June 1, 2006
JIt seems inevitable that I would be writing about Japan once again, only a month after my last Insight column, which also discussed U.S. beef imports to Japan — or lack thereof.
Only this time the news is good. Not the best news, but close to it. As of this writing, Japan has agreed to lift the ban on U.S. beef, pending the OK from Japanese inspectors who are currently scrutinizing 35 U.S. meat-processing plants that are certified to ship beef to Japan. Assuming those inspections proceed without a hitch, all signs point toward a summer resumption of U.S. beef trade to Japan, as early as late July.

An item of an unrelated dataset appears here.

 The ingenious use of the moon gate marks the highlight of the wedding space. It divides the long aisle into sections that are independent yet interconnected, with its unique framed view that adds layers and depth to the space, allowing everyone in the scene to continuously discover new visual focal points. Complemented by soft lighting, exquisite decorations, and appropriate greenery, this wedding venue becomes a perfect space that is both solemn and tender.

Of course, as with any political situation — and, yes, although this is about getting U.S. beef to Japan, it’s also about politics — everyone seems to be jockeying for position. After the official announcement was made, Sen. Kent Conrad, D-N.D., and Sen. Pat Roberts, R-Kan., introduced legislation that would impose tariffs on Japanese exports if Japan fails to reopen its domestic market to U.S. beef by Aug. 31. Others jumped on the sanctions bandwagon, including Sen. Sam Brownback, R-Kan., who sits on the Appropriations Subcommittee on Agriculture and Rural Development. Roberts said the purpose of the proposal was to “really keep their feet to the fire.” Japanese agriculture minister Shoichi Nakagawa called it “nonsense.”
Some in the industry have taken issue with Japan having the final say on U.S. processing plants. Philip Seng, president of the U.S. Meat Export Federation, said in a statement that Japan should respect the USDA’s judgment. “It is critically important for Japan to recognize the U.S. food-safety system and accept imports from all U.S. beef facilities approved by the USDA,” he said.

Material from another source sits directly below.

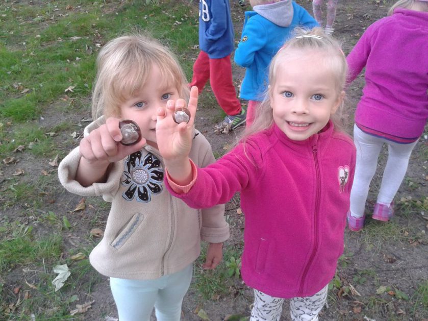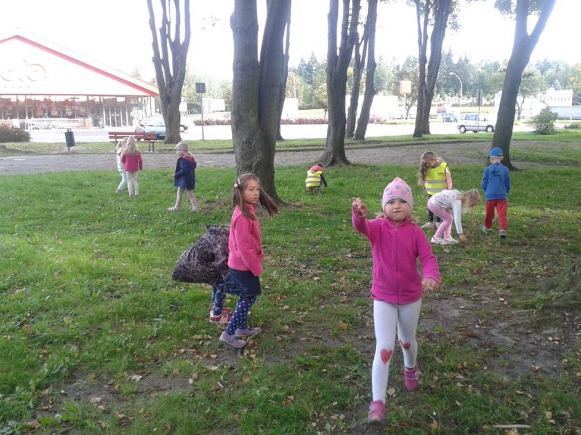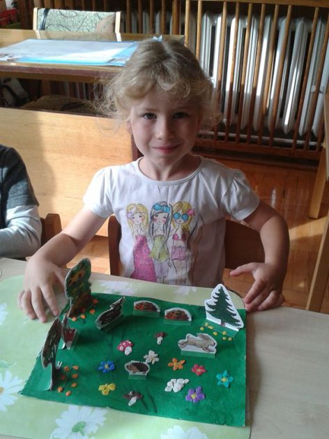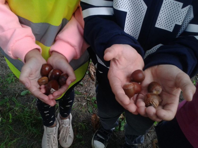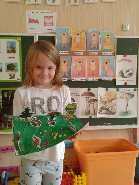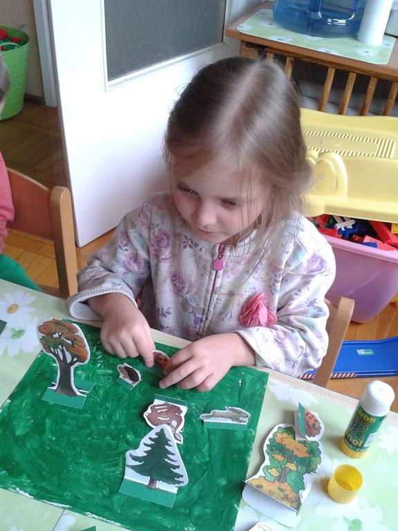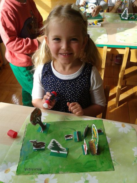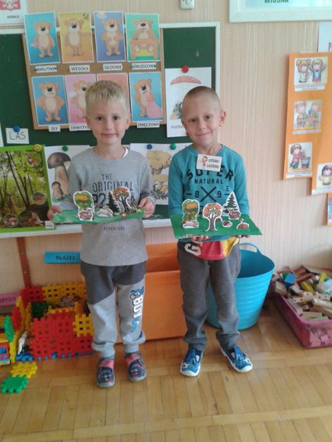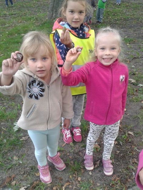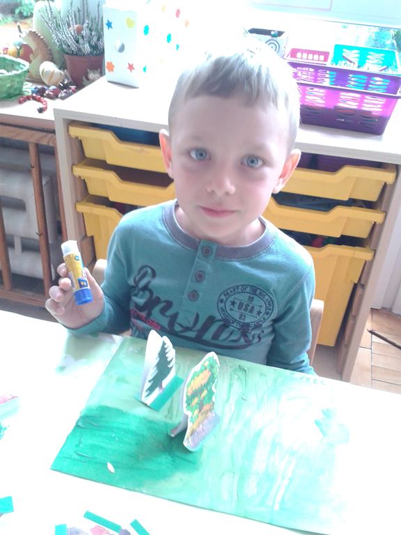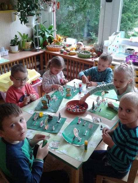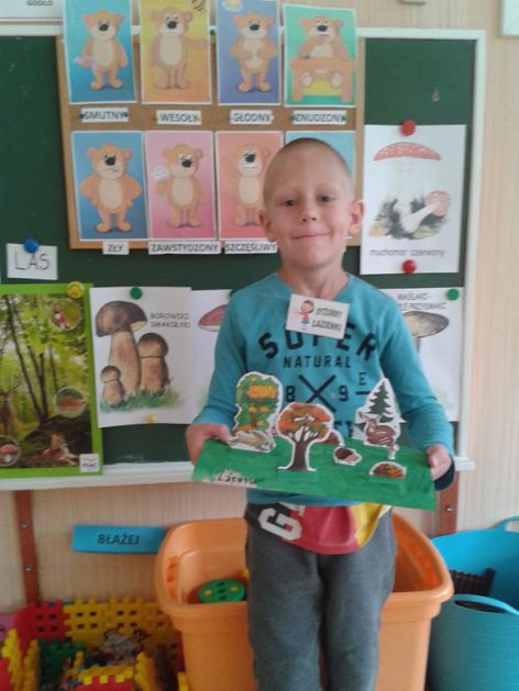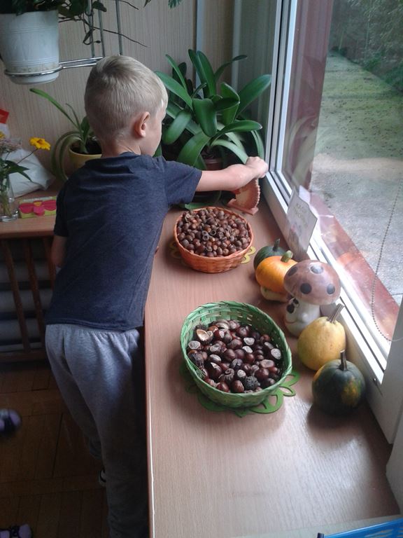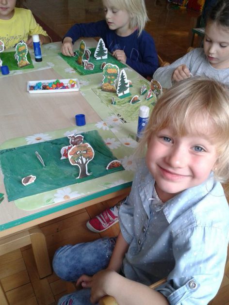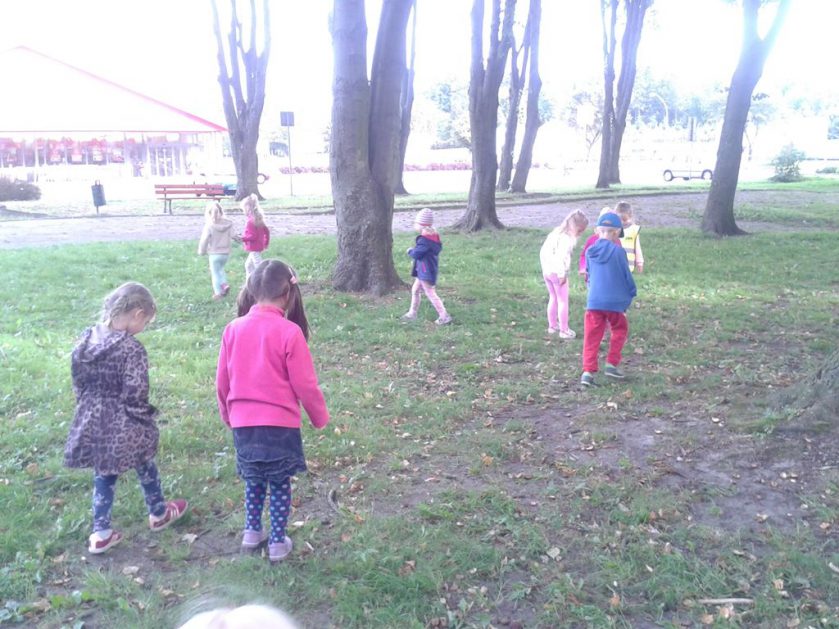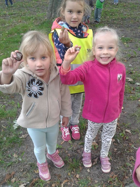 5-latki wraz z p. Kasią udały się na spacer w poszukiwaniu pierwszych oznak jesieni. Dzieci poznały środowisko przyrodnicze jakim jest park, zebrały jesienne skarby, a w drodze powrotnej świetnie bawiły się na placu zabaw. Przyniesione dary zostały starannie posegregowane i ułożone w kąciku przyrody. Zwieńczeniem zajęć o tematyce jesiennej było stworzenie makiety lasu, co sprawiło dzieciom wiele frajdy.
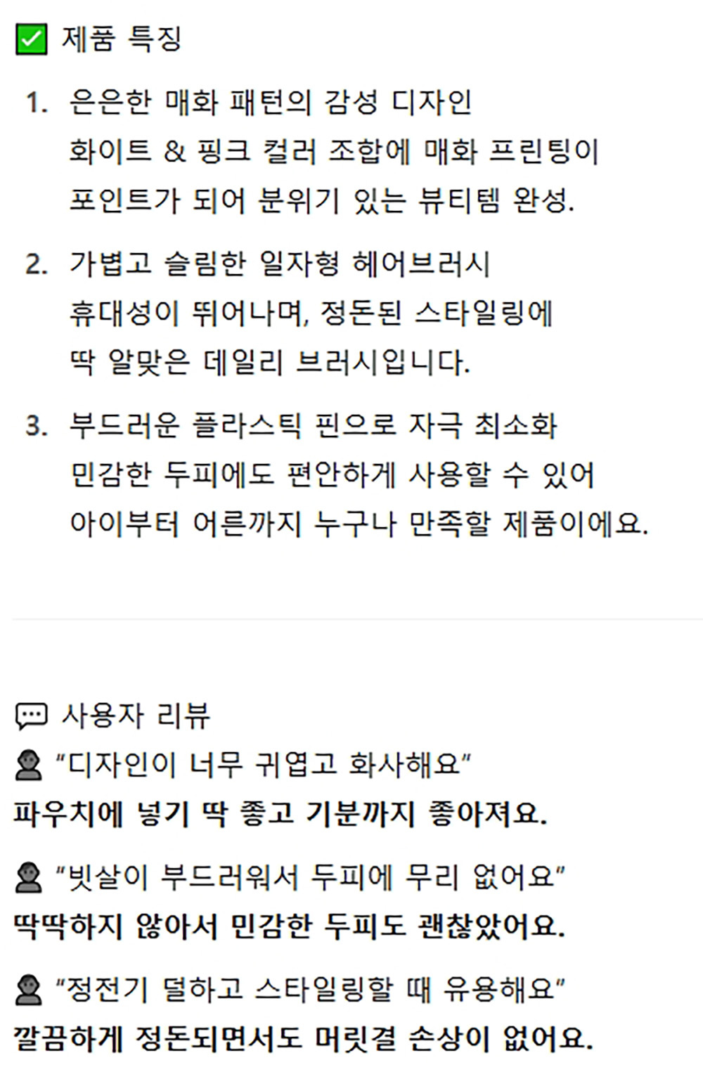 은은한 매화패턴 감성디자인 플라워 헤어롤 브러쉬

On the Japanese side, the situation became even more heated — and fast. Nearly 100 demonstrators and leaders of Japan’s opposition parties gathered in Tokyo to oppose the planned lifting of the ban, claiming the decision is no more than a political compromise on the part of the Japanese government. Social Democratic Party leader Mizuho Fukushima called the end of the import ban Japan’s “gift” to the U.S. government. “I feel anger because [the Japanese government] makes light of people’s lives,” she said.
Critics in Japan claim the decision to lift the import ban was a rush to get the job done prior to Japanese Prime Minister Junichiro Koizumi’s visit to Washington in late June.
Be that as it may, Japan made the right decision when it chose to lift the ban. Certainly during the latest negotiations, the United States proved it has done its due diligence, inspecting the processing plants licensed to export beef to Japan, ensuring the inspectors have been fully trained and more.
For its part, Japan has come up with reasonable compromises, agreeing that if any future shipments are found to contain parts at risk for bovine spongiform encephalopathy, it will punish the shipper, not the entire U.S. beef industry. And both sides have agreed that, if a violation is found, “an appropriate measure will be taken accordingly to the nature of the violation.” These are all positive signs, indicators that the two countries have entered this agreement in the spirit of cooperation.
Perhaps the best attitude to take is the one adopted by some major beef processors in this country that lost a sizeable chunk of business when Japan closed its borders.
Spokesman Gary Mickelson for Tyson Foods Inc., whose nine beef plants await approval from the Japanese inspectors, said “We look forward to doing business in Japan again and are hopeful it will boost efforts to open the Korean market.” Calling the announcement “a positive event,” Sean McHugh, spokesman for Swift & Co., whose four beef-processing plants are on Japan’s inspection roster, said, “We look forward to providing our former customers in Japan with safe, high-quality American beef.”
So they should. And so should Japan look forward to enjoying U.S. beef products again. Thankfully it looks like that’s about to happen — and it’s time.